Нет! Камин и плед на работе – это перебор. Только вот когда работа сделана, и всё работает и в ближайшее время проблем не предвидится, как, наверное, приятно следить за работой и ожидать проблем (чтобы сразу наброситься и решить) покачиваясь в кресле-качалке укрытым пледом напротив камина. Нет, камин лучше разместить справа. А слева – окно, в которое видно непогоду.

В такую погоду со мной иногда случались всякие разности. В начале девятого класса меня не взяли в суворовское училище. Карьера? Нет, о карьере я не думал, желание посвятить себя профессии защитника Родины, было забраковано майором из райвоенкомата. Я расстроенный попилил на жд вокзал. Я расстроился сильно–один из путей в светлое будущее был закрыт. Будущее сразу сжалось до одного сегодняшнего дня. Серого, промозглого, холодного осеннего дня. Я тупо шёл между потоками белой крупы, которая нескончаемым потоком сыпалась с неба, барабанила по чёрной дерматиновой куртке и засыпалась за воротник свитера, шёл сквозь большие порхающие снежинки, покрывающие мои волосы, уши, плечи, дорогу, серые убогие дома, сопки. Всё было серым. Чёрно-белым, но всё равно серым.

На вокзале случился попутный «товарняк» и, сидя в тёплой кабине тепловоза, я поехал домой. В лобовом стекле тоже всё было серым – сопки, деревья, рельсы, шпалы, столбы. Даже зелёный тепловоз и красно-коричневые вагоны.

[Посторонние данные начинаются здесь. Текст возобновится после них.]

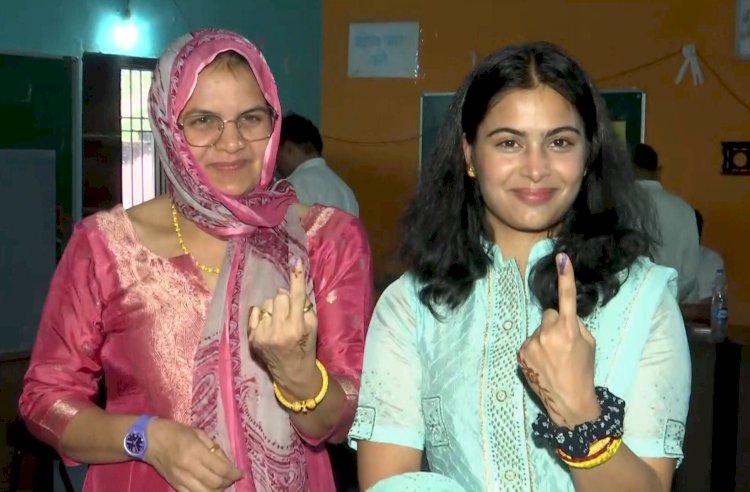 ओलंपियन मनु भाकर ने अपने परिवार सहित झज्जर के पोलिंग बूथ पर अपना वोट डाला

Проезжая мимо посёлка, машинист сбавил скорость, я спрыгнул с подножки, спиной по движению, и, помахав рукой в знак благодарности, снижая скорость своего бега вприпрыжку назад, повернулся. Повернулся вовремя. Прямо передо мной задумчиво стоял, тоже серый, деревянный столб на серых бетонных пасынках. Вся моя кинетическая энергия горизонтального движения была погашена. Я просто прилип к столбу. Потом, когда стих гул в столбе и в голове, отклеился. В голове появились мысли. Мысли правильные. Ничего страшного не случилось, не взяли в армию – буду работать на «гражданке».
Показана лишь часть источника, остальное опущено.